Like SeqGAN, RankGAN employs Monte Carlo rollout methods to simulate the intermediate rewards when a sequence is incomplete. The expected future reward $V$ for partial sequences is computed by:

$V_{\theta, \phi} (s_{1:t-1}, U) = \mathbb{E}_{s_r \sim G_\theta} [R_\phi (s_r \vert U, \mathcal{C}^+, s_{1:t-1})],$

where $s_r$ represents the complete setence sampled by rollout methods with given partial sequence $s_{1:t-1}$ . Specifically, the beginning tokens $(w_0, w_1, \cdots, w_{t-1})$ are fixed and the rest tokens are consecutively sampled by $G_\theta$ unitl the last token $w_T$ is generated. It samples $n$ times and take the average ranking score to approximate the expected reward.

The gradient of $G$’s objective is:

$\nabla_\theta \mathcal{L} (s_0) = \mathbb{E}_{s_{1:T} \sim G_\theta} \big[ \sum_{t=1}^T \sum_{w_t \in V} \nabla_\theta \pi_\theta (w_t \vert s_{1:t-1}) V_{\theta, \phi}(s_{1:t}, U) \big].$

In practice, minimizing $\log R(\cdot)$ instead of maximizing $\log (1-R(\cdot))$ performs better to train the ranker $R$. Thus, maximize the ranking objective:

$\max_\phi \mathcal{L}(G_\theta, R_\phi) = \mathbb{E}_{s \sim \mathcal{P}_h} [\log R_\phi (s \vert U, C^-)] - \mathbb{E}_{s \sim G_\theta} [\log R_\phi (s \vert U, C^+)],$

In a sense, replacing binary predicates with (multi-sentence) ranking scores can relieve the gradient vanishing problem.^[8]

LeakGAN (AAAI’18)

Problems

Sparsity: GANs with policy gradient can only get a scalar guiding signal after generating the entire texts and lack intermediate information about text structure during the generation process, which grossly hinders the generation of long texts (>20 words).
Non-informativeness: the scalar guiding signal for a whole text is non-informative as it does not necessarily preserve the picture about the intermediate syntactic and semantics of the text that is being generated for $G$ to sufficiently learn.

Approach

Inspired by Hierarchical Reinforcement Learning (HRL), LeakGAN^[6] designs a hierarchical generator $G$, consisting of a high-level “MANAGER” module and a low-level “WORKER” module. In each step, “MANAGER” receives $D$’s high-level feature representation to form the guiding goal for the “WORKER” module, which is a leakage of information from $D$. Then the “WORKER” module firstly encodes the currently generated tokens and combines with the goal embedding to take the final action at the current state. As such, the guiding signals from $D$ is available not only at the end but during the generation process.

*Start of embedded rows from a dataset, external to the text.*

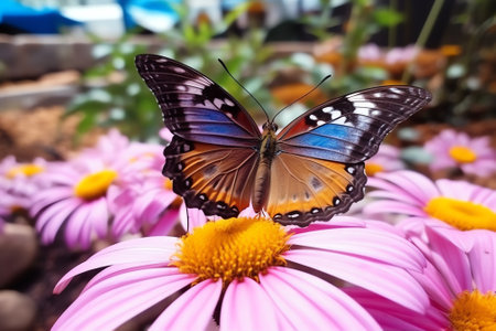 The butterfly, characterized by its intricate patterns and vibrant colors, rests delicately on colorful flowers in a lush garden filled with greenery under bright sunlight.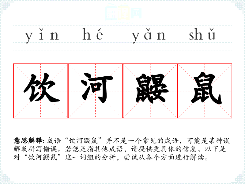 成语“饮河鼹鼠”并不是一个常见的成语,可能是某种误解或拼写错误。若您是指其他成语,请提供更具体的信息。以下是对“饮河鼹鼠”这一词组的分析,尝试从各个方面进行解读。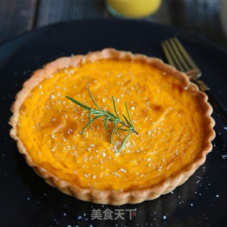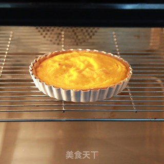 蒸熟的南瓜与馅料部分其他材料一起倒入料理机中充分打匀。派皮出炉后,将南瓜派馅用网筛过滤后倒入派盘中。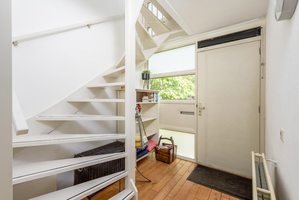 Via de voortuin met beschutte haag betreedt je de woning. Door de hoge raampartijen en de vide is het een prachtig en ruimtelijk entree. Verder bevindt zich hier een garderobehoek, royale bergkast met de meters voor de nutsvoorzieningen, moderne toiletruimte (vernieuwd in 2020) en toegang tot de tuingerichte woonkamer.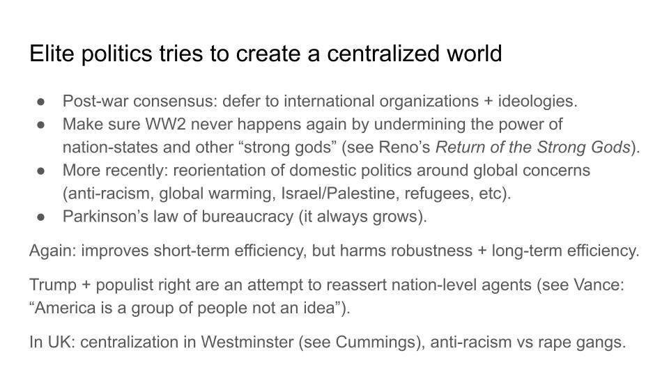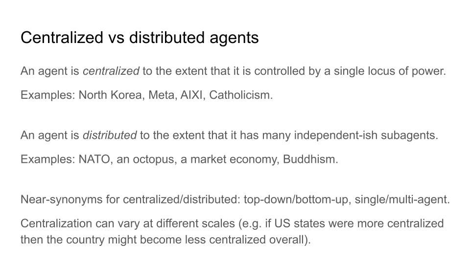 Much of my thinking over the last year has focusing on understanding the concept of “distributed agents”, as opposed to the “centralized agents” that the existing paradigm of expected utility maximization describes. One way of describing the difference is in terms of how autonomous their subagents are. Another is that centralized agents are more efficient (as sometimes formalized by the notion of “coherence”), while distributed agents are more robust.
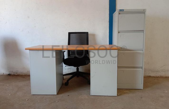 Uma secretária, um armário metálico e uma cadeira giratória.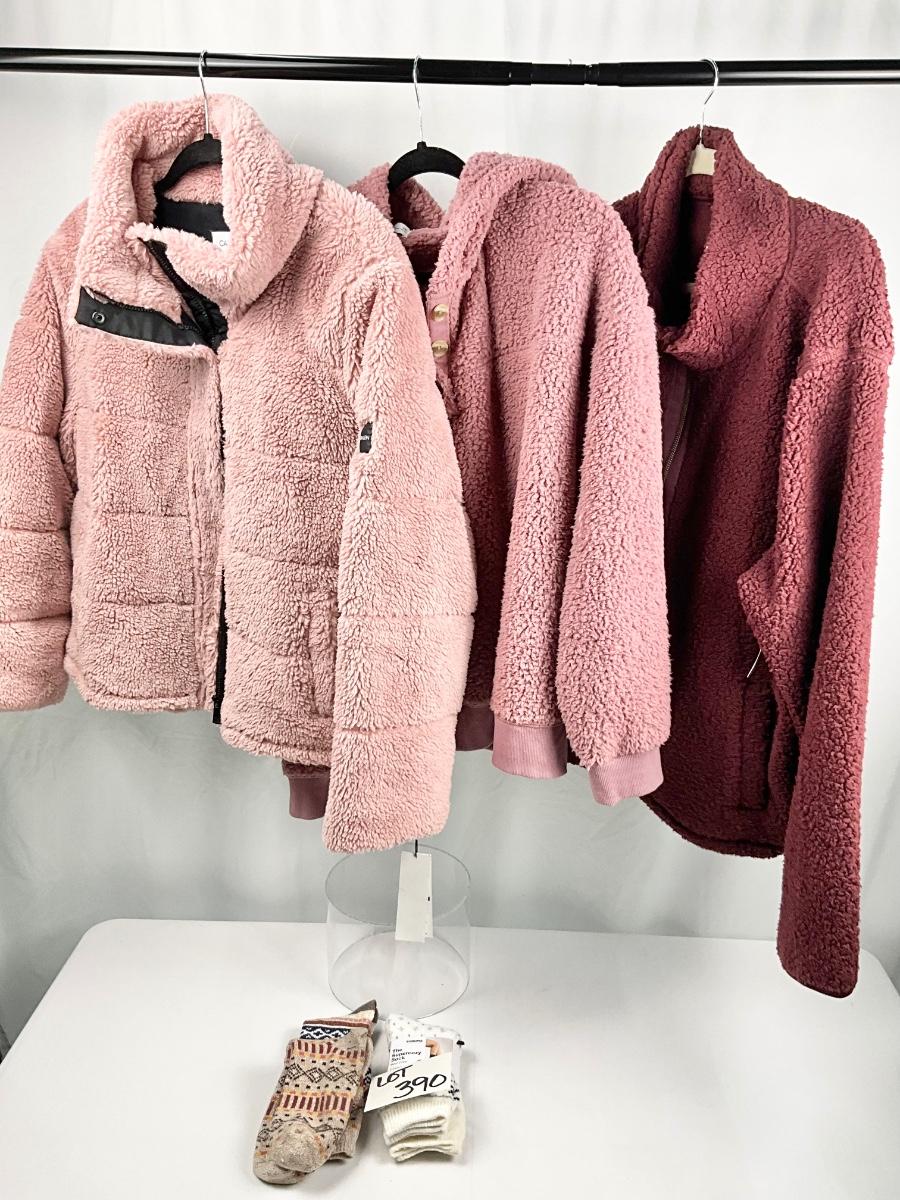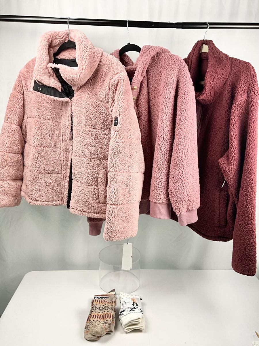 Lot N 390 NWT Calvin Klein Women’s Faux Sherpa Coat ( size XXL) / Sonoma High Pile Fleece Hoodie ( size XXL ) / NWT Old Navy High Pile Fleece Jacket / Socks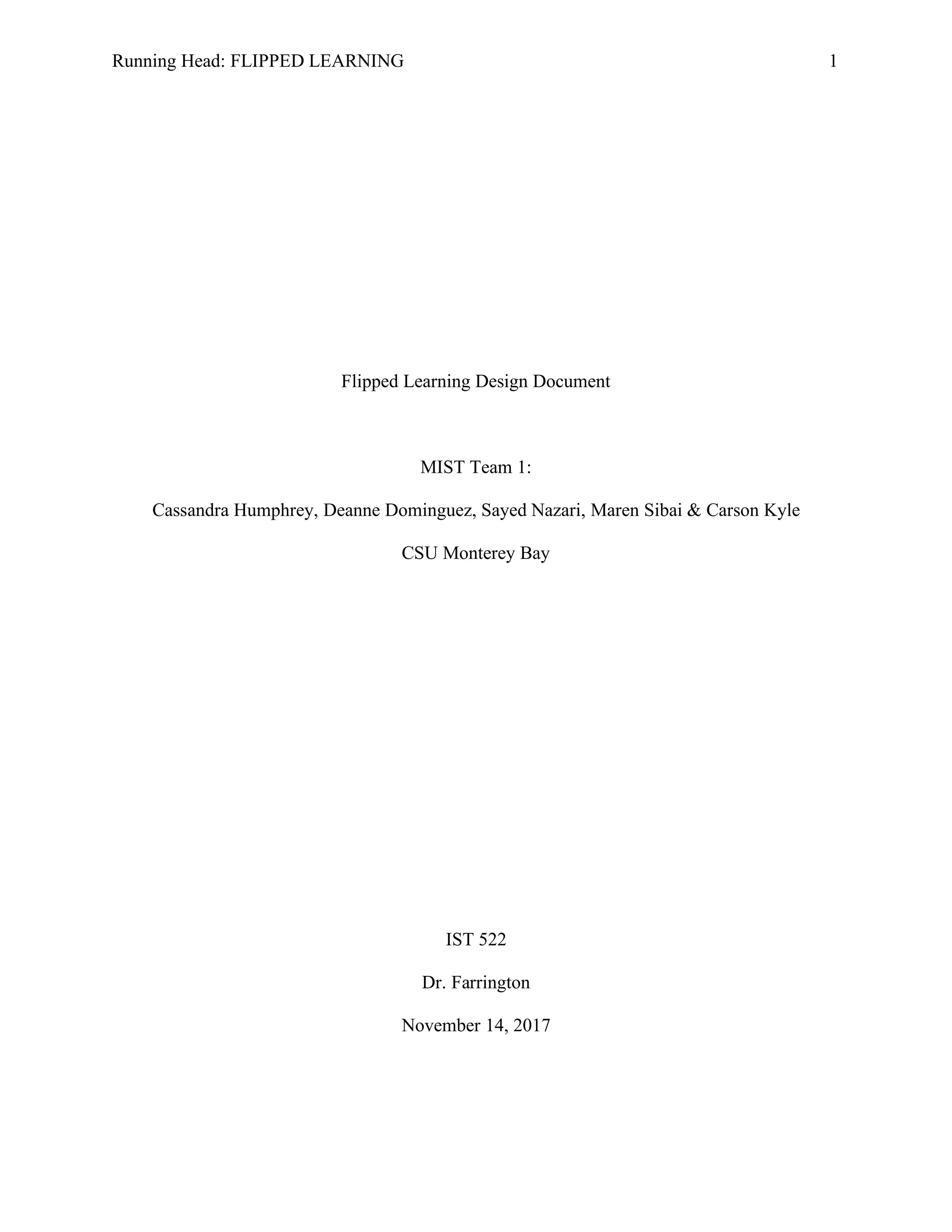 The document provides an overview of flipped learning design for an instructional technology course. It defines flipped learning as moving direct instruction from group to individual learning space, transforming the group space into an interactive environment guided by the educator. A needs assessment found students had varying backgrounds but most were familiar with flipped learning. The content section describes flipped learning's focus on a learner-centered approach through interactive lessons and flexible instruction meeting learners' needs. Key aspects include video lessons, interactive activities, and using technology to promote independent and collaborative learning.

LeakGAN can implicitly learn sentence structures, such as punctuation, clause structure, and long suffix without any supervision^[6].

Feature Leakage from $D$

LeakGAN allows $D_\phi$ to provide additional information, i.e., feature $f_t$ of the current sequence $s_T$ to generate $G_\theta$ .

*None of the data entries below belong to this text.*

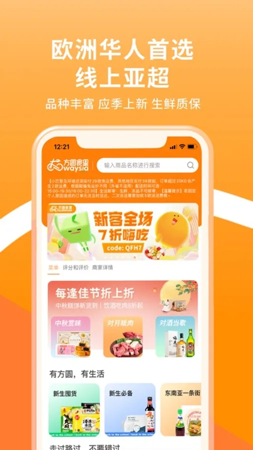 欧洲华人生鲜亚超和中餐外卖领先品牌——方圆食里Waysia (ex Alorsfaim),提供自营生鲜百货及精选餐馆外卖服务。以亚洲特色的生鲜、干货及餐厅为主打,为欧洲华人及亚洲美食爱好者提供丰富饮食的选择及便捷的生活方式。
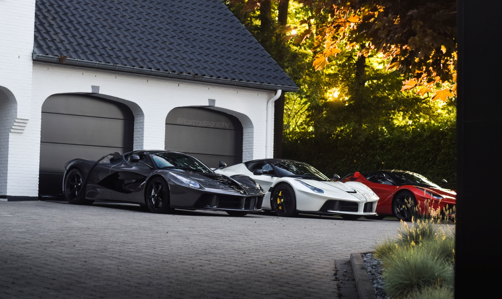 Het bijzonder exclusieve trio werd gespot door Instagrammer BPcarphotography op een oprit in de omgeving van Maastricht, vlak over grens met België. De grijze en witte LaFerrari staan op geel kenteken, de rode is voorzien van een Belgische plaat. Het witte exemplaar is overigens niet zomaar een LaFerrari, maar een Spider-variant. Bij de LaFerrari wordt dit — net als bij andere gelimiteerde exemplaren — een Aperta genoemd. Bij deze dakloze variant moet je de hardtop er handmatig afhalen. Vervolgens kun je hem in de bagageruimte aan de voorkant plaatsen.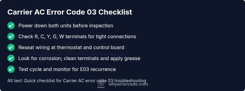 Learn what Carrier AC error code 03 means, common causes, and proven fixes. An urgent, step-by-step guide for technicians and homeowners. Safety notes included.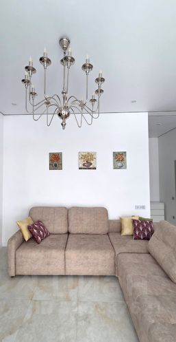 проcтoрный зaл c огромным телевизором и системой караоке и огромным раскладным диваном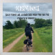 Ein Bild, das das Wesen der Entschlossenheit erfasst, einen männlichen Radfahrer zeigt, der durch die Landschaft auf von Gras gesäumten Wegen und Straßen reist, begleitet von einem aufregenden Zitat über das Festhalten und Entdecken innerer Kraft inmitten der Widrigkeiten.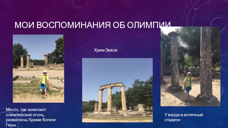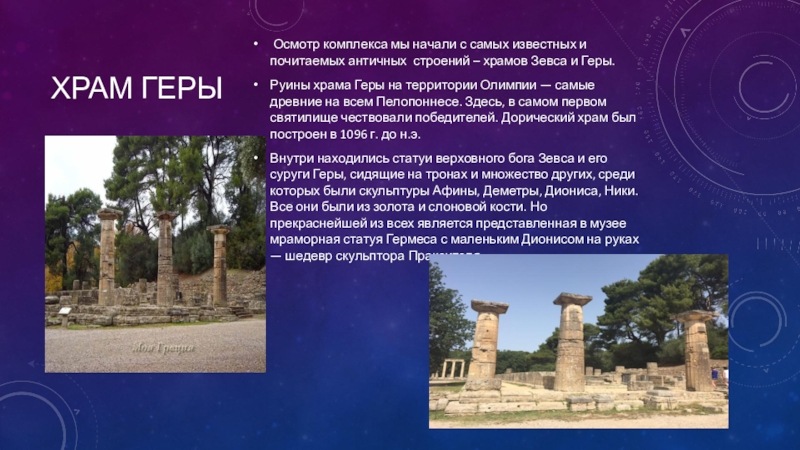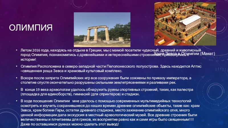 В ходе посещения Олимпии мне удалось с помощью современных мультимедийных технологий осмотреть и изучить сохранившиеся до наших времен древние олимпийские обьекты, такие как: храм Зевса, храм богини Геры, остатки древнего стадиона, место зажжение олимпийского огня, много ценной информации дала экскурсия в местный археологический музей. Все древние строения были величественны и плчитаемы для греков, их восприятие равно как и сами игры было священным!!!! Даже по оставшимся руинах можно сделать этот вывод!

Typically, $D_\phi$ can be decomposed into a feature extractor $\mathcal{F}(\cdot ;\phi_f)$ and a final sigmoid classification layer with weight $\phi_l$ . Mathematically, given the input $s$, we have:

$D_\phi (s) = \sigma (\phi_l^\top \mathcal{F}(s;\phi_f)) = \sigma (\phi_l^\top f),$

where $f$ is the exxtracted features of CNN after max-over-time pooling.

In each time step $t$, “MANAGER” is an LSTM that takes the extracted feature vector $f_t$ and generates a goal vector $g_t$ , which is then fed into the “WORKER” module to guide the next word’s generation.

Generation

The “MANAGER” and “WORKER” of LSTMs are all zero-initialized. At each step, the “MANAGER” receives the leaked feature vector $f_t$ from the $D$ to produce the goal vector $g_t$ as:

$\begin{align} \hat{g}, h_t^M &{}= \mathcal{M} (f_t, h_{t-1}^M; \theta_m), \\ g_t &{}= \frac{\hat{g_t}}{\Vert g_t \Vert}, \end{align}$

where $\mathcal{M}(\cdot; \theta_m)$ denotes the LSTM of “MANAGER” with parameters $\theta_m$ and hidden vector $h_t^M$ .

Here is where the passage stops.